Methods: We conducted a pilot study (n = 51), with 11 samples for phenotypes A, C and D, 10 samples for phenotype B and 8 samples for the control group. The laboratory methods performed were miRNA isolation, complementary DNA (cDNA) synthesis and quantitative real-time PCR (qPCR) with kits from Qiagen. We used Uni Sp 2/4/5/6 as exogenous controls, and we normalized with the mean of miR-484 and snu6 as endogenous control. After verifying the normal distribution and homogeneity of variances, one-way-ANOVA or a non-parametric Kruskal-Wallis test was performed, followed by Dunnet and Tukey post-hoc tests. The potential diagnostic value for discriminating a specific PCOS phenotype was calculated using area under the curve (AUC) and a receiver-operating characteristic (ROC) analysis. Using TargetScanHuman 8.0 we identified potential target genes of differentially expressed miRNAs.

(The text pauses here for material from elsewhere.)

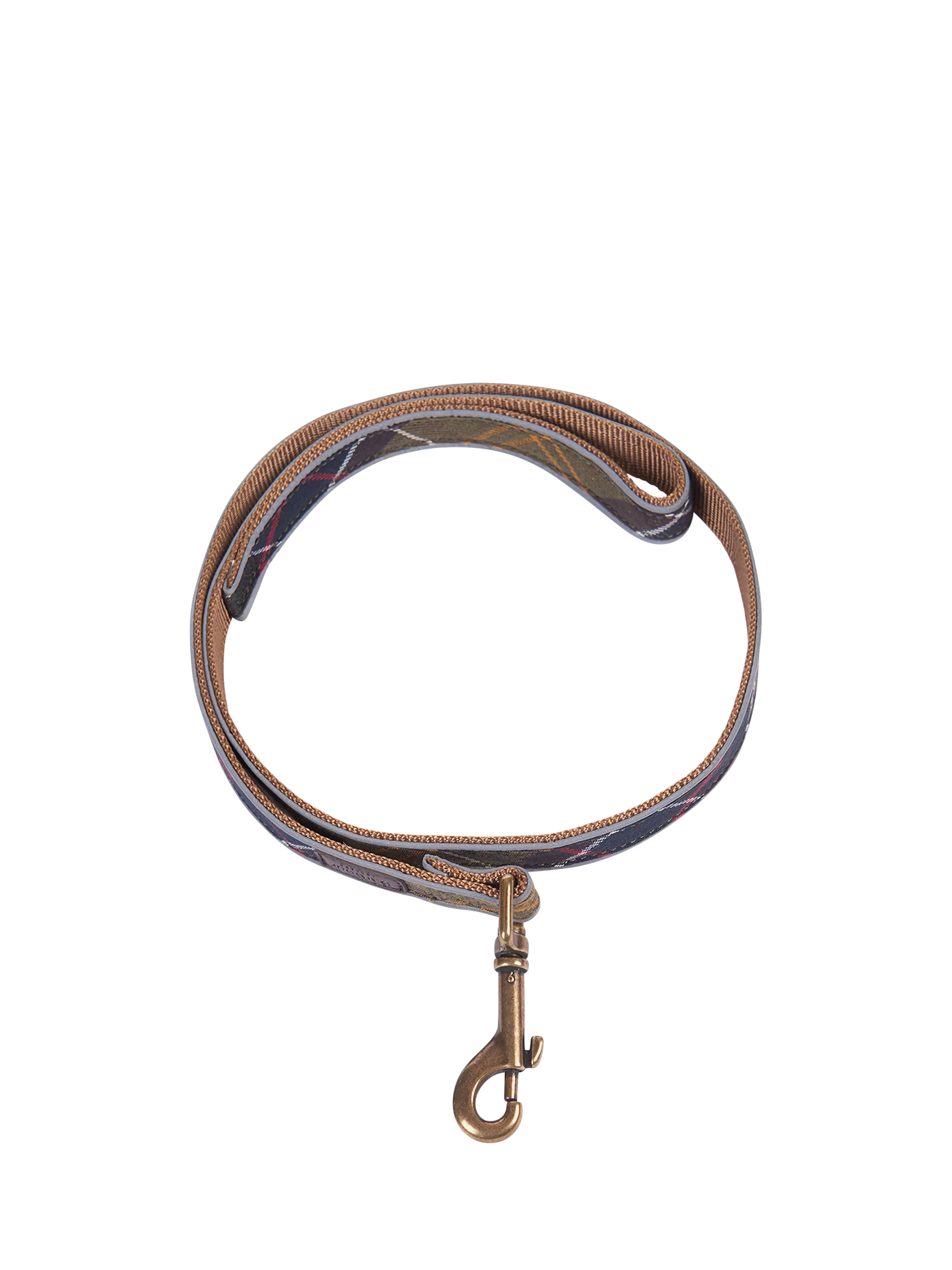 This tartan webbing dog lead features reflective binding at the edges to keep your dog safe when the days get shorter. It's got a loop handle and an aged brass clip to secure it to your dog's collar.

Results: Women affected by PCOS exhibited significantly higher hormone levels, increased hirsutism scores and distinct hormone profiles across phenotypes. MiR-23a-3p and miR-424-5p showed altered expression in PCOS phenotypes, indicating a potential for differentiating between phenotypes. MiR-93-5p displayed lower expression in PCOS compared with control group, suggesting a potential marker to discriminate PCOS status.

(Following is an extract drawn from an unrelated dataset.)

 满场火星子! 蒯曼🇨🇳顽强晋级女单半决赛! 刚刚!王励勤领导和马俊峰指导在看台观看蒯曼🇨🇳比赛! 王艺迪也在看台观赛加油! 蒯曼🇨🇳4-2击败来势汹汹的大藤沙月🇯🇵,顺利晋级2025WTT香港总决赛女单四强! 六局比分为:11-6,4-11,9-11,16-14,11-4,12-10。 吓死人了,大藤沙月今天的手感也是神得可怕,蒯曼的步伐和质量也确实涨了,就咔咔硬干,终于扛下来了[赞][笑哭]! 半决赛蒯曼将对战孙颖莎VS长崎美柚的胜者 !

Discussion: Understanding the differential hormone and miRNA profiles across various PCOS phenotypes could pave the way for personalized treatments for specific imbalances or pathways associated with each phenotype. The identified miRNAs, such as miR-23a-3p and miR-424-5p, hold promise as potential biomarkers for distinguishing between specific PCOS phenotypes. These findings can contribute to a deeper understanding of the heterogeneity of PCOS, influencing future research and potentially improving diagnostic and treatment strategies for women affected by PCOS. More research in larger cohorts is important to reevaluate our findings and its clinical implication for affected women.